Universitäten (vom lateinischen universitas magistrorum et scolarium,[3] „Gemeinschaft der Lehrer und Schüler“, später im Sinne Humboldts für universitas litterarum, „Gesamtheit der Wissenschaften“) sind Hochschulen mit Promotionsrecht, die der Pflege und Entwicklung der Wissenschaften durch Forschung, Lehre und Studium dienen,[4] aber ihren Studenten auch praxisorientiert Berufsqualifikationen[5] vermitteln sollen.

Als älteste Universität der Welt im modernen Sinne wird gemeinhin die Universität Bologna (1088) in Italien genannt; ein Prototyp war die Schule von Salerno. Die University of Oxford (belegt seit 1096) ist die älteste englische Universität. Als erste Hochschule Frankreichs gilt seit 1150 die Universität von Paris. Erst im Jahr 1348 wurde die Universität Prag in Böhmen gegründet, die als die älteste Universität deutscher Sprache gilt. Die Universität Wien begann 1365 als die älteste Österreichs; wohingegen die Universität Heidelberg (1386) die älteste Deutschlands und die Universität Basel (1460) die älteste der Schweiz ist. Die Universität Harvard (1636) ist die älteste in den Vereinigten Staaten.

Die Bezeichnung Universität (von lateinisch universitas ‚Gesamtheit‘) charakterisiert begrifflich im Wissenschaftsbereich ganz allgemein eine umfassende Bildungseinrichtung.[6] An den damals neu gegründeten Institutionen von Bologna (gegründet 1088), Paris (gegründet um 1150) oder Oxford (gegründet im 12. Jahrhundert) studierte man im heutigen Sinne eines Studium generale. Es handelte sich um eine noch überschaubare Anzahl wissenschaftlicher Disziplinen (septem artes liberalesSieben Freie Künste‘, ergänzt durch Theologie, Jurisprudenz und Medizin).

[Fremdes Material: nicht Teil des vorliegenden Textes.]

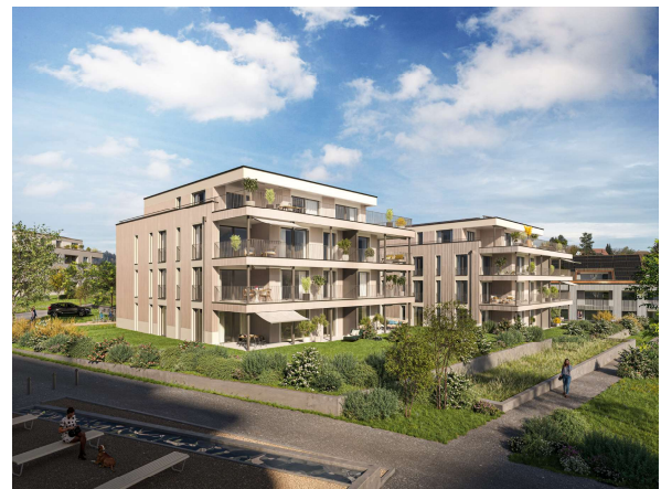
Wohnüberbauung "Coll d'Or"

Auf Wunsch vermitteln wir Ihnen auch gerne den Kontakt zu einem ZKB Berater in der Filiale Ihres Wohnorts.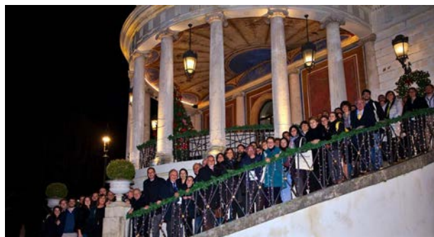
Foto di gruppo alla cena di gala tenutasi alla Casina Valadier

In un'atmosfera pienamente prenatalizia, i partecipanti all'evento si sono infine ritrovati alla cena sociale, un evento di marcata eleganza presso la Casina Valadier, incantevole villa realizzata dal noto architetto Valadier immersa nei giardini del Pincio. La cena con vista su una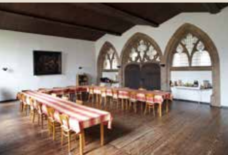
Kapitelsaal: bis 60 Personen, 120 qm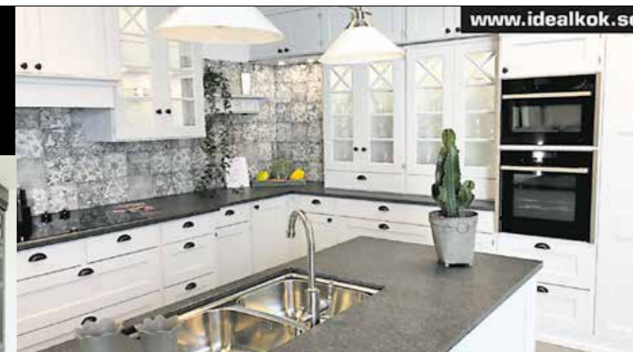
tibrokok | idealkök | EUNOSÄTER KÖK | Exklusivt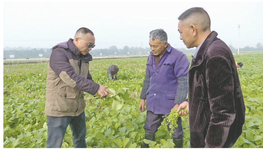
农技专家在油菜种植基地指导农户管护油菜越冬。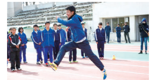
陸上競技部員がランニングフォームを説明

NTT西日本陸上競技部による中学生を対象にした陸上教室で、2008年度より毎年開催しています。大阪府内の中学生7チーム・43名を対象に、上半身・下半身のポイントなどランニングフォームについて理論的に説明、練習方法などを紹介。その後、競技レベルを合わせたチーム編成による駅伝競走を行うなど、子どもたちとのふれあいを深めました。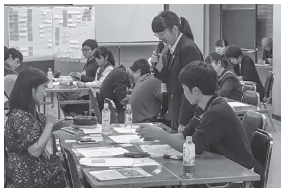
おもてなしLABO (グループ討議の結果発表)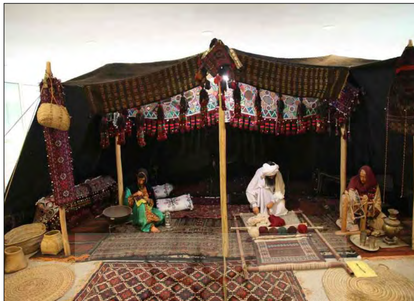
تصویر ۵: سیاه چادر بلوچ؛ موزه زاهدان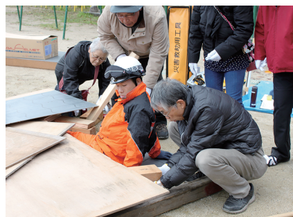
地域住民も参加しての救助救急訓練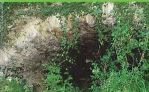
1 ↑ Winzerhauesle les vigneronns entreposaient les raisins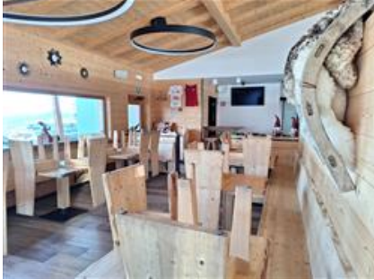
Vista dall'interno del fabbricato

I beni sono ubicati in zona rurale in un'area sportiva, le zone limitrofe si trovano in un'area agricola (i più importanti centri limitrofi sono Nova Levante). Il traffico nella zona è locale, i parcheggi sono buoni. Sono inoltre presenti i servizi di urbanizzazione primaria e secondaria, le seguenti attrazioni storico paesaggistiche: Sciliar.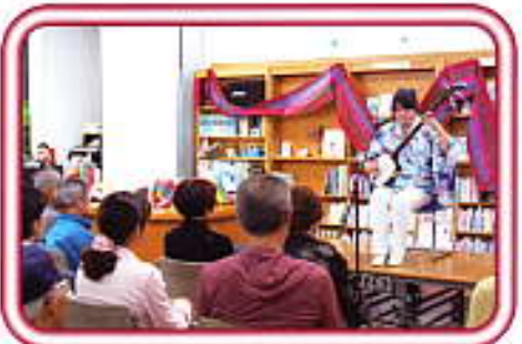
津軽三味線ライブ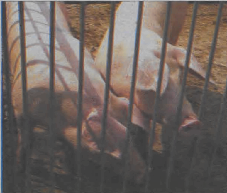
Młode knurki rasy pbz na wybiegu przy chlewni w Wyborowie.

Warchlaki o wadze 40-45 kg poddawane są typowaniu. Wtedy rolnik wraz z zootechnikiem wybiera najlepsze sztuki, które będą przeznaczone do hodowli oraz tzw. odpady - czyli zwierzęta, które będą poddane tuczo wi do odpowiedniej wagi i sprzedane na mięso. Jerzy Szachogłuchowicz mówi, że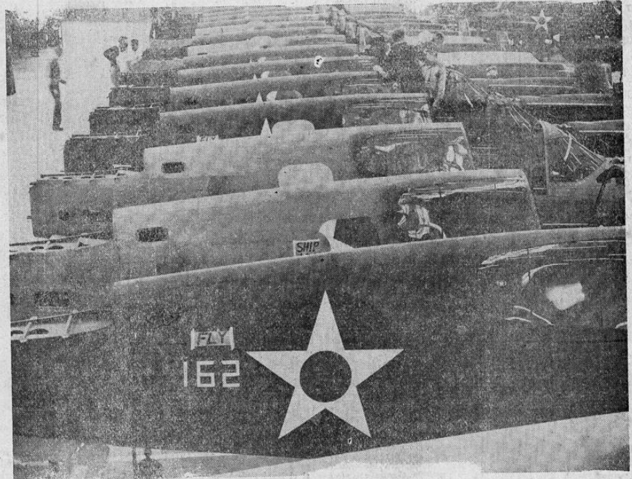
Estos son los fuselajes de los aviones de combate actualmente en construcción en fábrica de aviones de los Estados Unidos, la Custiss-Wright Corporation, en Buffalo, estado de Nueva York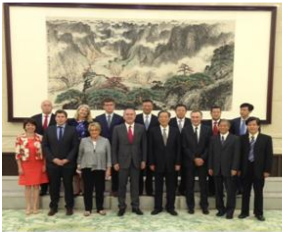
La délégation sénatoriale reçue à l'Assemblée nationale populaire de Pékin

Depuis six ans, une session de travail réunit chaque année, alternativement en France et en Chine, des parlementaires des deux pays, autour de thématiques telles que la gestion du patrimoine, l'hôpital public, la médecine de proximité, les petites et moyennes entreprises (PME), le développement durable, les relations diplomatiques, etc.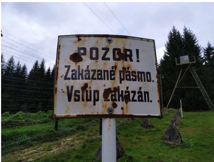
Obrázek 3: Tabulka označující zakázané pásmo. Replika železné opony v zaniklé obci Bučina.

Die Gesamtheit dieser Wissenschaften fasste man später unter der Bezeichnung universitas litterarum (‚Gesamtheit der Wissenschaften‘). Vor allem durch Wilhelm von Humboldt, der die Einheit von Lehre und Forschung zum Grundprinzip universitärer Arbeit erhob, wurde dieser Begriff für die moderne Universität prägend. Daneben trat das ursprüngliche Verständnis von universitas, das aus den korporativen Organisationsformen mittelalterlicher Lehr- und Lerngemeinschaften (universitas magistrorum et scholarium ‚Gemeinschaft der Lehrenden und Lernenden‘) im Bereich bedeutender kirchlicher Bildungszentren erwachsen war, etwas in den Hintergrund. Es lebt aber im Begriff der Autonomie der Hochschulen weiter.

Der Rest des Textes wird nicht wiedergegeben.